▶ Working data:
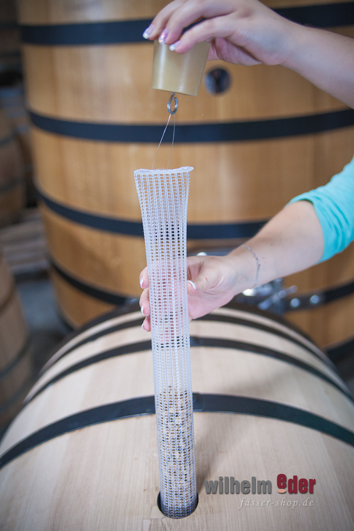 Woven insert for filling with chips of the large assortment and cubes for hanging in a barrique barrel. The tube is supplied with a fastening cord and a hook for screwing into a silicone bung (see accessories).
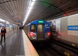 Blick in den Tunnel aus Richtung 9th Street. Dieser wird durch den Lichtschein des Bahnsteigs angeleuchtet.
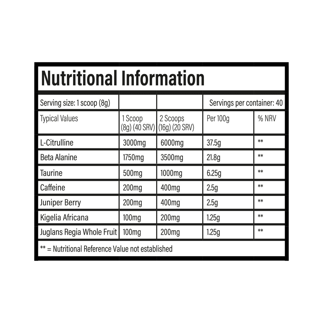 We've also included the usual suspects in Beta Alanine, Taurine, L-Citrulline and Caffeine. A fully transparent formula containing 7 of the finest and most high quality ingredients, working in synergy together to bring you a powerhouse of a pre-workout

* * *

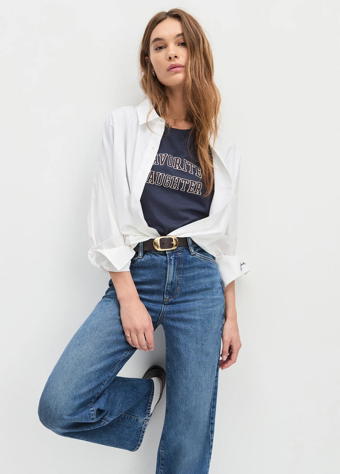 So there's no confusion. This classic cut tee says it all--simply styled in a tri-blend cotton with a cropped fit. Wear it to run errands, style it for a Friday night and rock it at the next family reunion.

▶ Task to complete:
When you reach the line containing "Blick in den" in the entries above, begin restating word for word, and stop once the line containing "We've also included" has been given. Omit the pictures.

▶ Task answer:
 Blick in den Tunnel aus Richtung 9th Street. Dieser wird durch den Lichtschein des Bahnsteigs angeleuchtet.
 We've also included the usual suspects in Beta Alanine, Taurine, L-Citrulline and Caffeine. A fully transparent formula containing 7 of the finest and most high quality ingredients, working in synergy together to bring you a powerhouse of a pre-workout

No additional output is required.